For patient-level analyses, standardised mean differences of each of the covariates for the comparison between new/prevalent drug users in the pre-RMM vs post-RMM period will be obtained as a measure of the impact of the RMM on the profile of new drug users. Additionally, measures of patient-level DUS will be provided, stratified by time of therapy initiation pre or post RMM.

 

Very Complex Studies 

Studies which cannot rely only on electronic health care databases, or which would require complex and/or novel methodological work.

No very complex study designs have been defined at this moment

 

Quality Assurance of Software Development

Software Quality Assurance, also called Software Testing Life Cycle process, aims assure that the software does what is supposed to do according to the Software Requirements Specification (SRS). 

The code quality assurance process within DARWIN EU® will follow the agile development method as shown in Figure 1.  

 

Figure 1. Agile software development method 

This method is continuously applied during the software lifecycle to monitor and improve the quality. The process is monitored by Quality Assessment Lead that interacts closely with the Product Owner. 
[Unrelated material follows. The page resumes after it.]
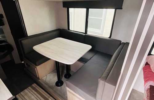 Nestled in Brentwood, this delightful recreational vehicle offers a queen bed and the other sleeping area with a bunk bed. With 1 bathroom equipped full bath with a shower guests can relax in the soothing living room with a dinette area that can convert into a bed. Enjoyable amenities like WiFi, flat screen tv, heating, AC, and Bluetooth stereo. No slide outs on trailer.

It contains the following steps: 

  • Plan: In the Plan Phase it is agreed what code will require testing and what part of this will be prioritized for the next sprint. 
  • Design: In the design phase the Software Specification Requirements (SRS) and Test Plan are created or updated (in following sprints). The SRS provides the benchmark for test planning since it specifies all the function and non-functional requirements, in which situations it is expected to be applied in, and by whom. The Test Plan is a living document that gets updated with development sprints. 
  • Develop: In the develop step the quality measures are implemented in the code base or get updated according to the Test Plan. This includes the creation of the unit tests etc.
  • Test: This is the quality control phase of the process where the software is tested according to the plan to ensure that it provides the correct results, it has cross platform compatibility, it is stable, and it is efficient. The outcome of these tests are recorded and are taken into account for the next sprint. Issues identified are flagged as bugs and are either immediately rectified in the case of significant errors (e.g. incorrect application of functionality providing false answers), or they are (deemed enhancements) to be fixed in the next development cycle of the package, e.g., the software requires too much memory. 
  • Deploy: In this phase a major or minor software release can be created or the code is kept in development status for further improvement. 

The Quality of the software development focuses on 2 main themes: 1. does the software produce the correct results. This is tested using small scale examples (units tests) where the correct answer is known. 2. Does the software run on the required platforms without producing errors. This is examined by checking, e.g., incorrect parameters, platform differences (both database management and operating systems).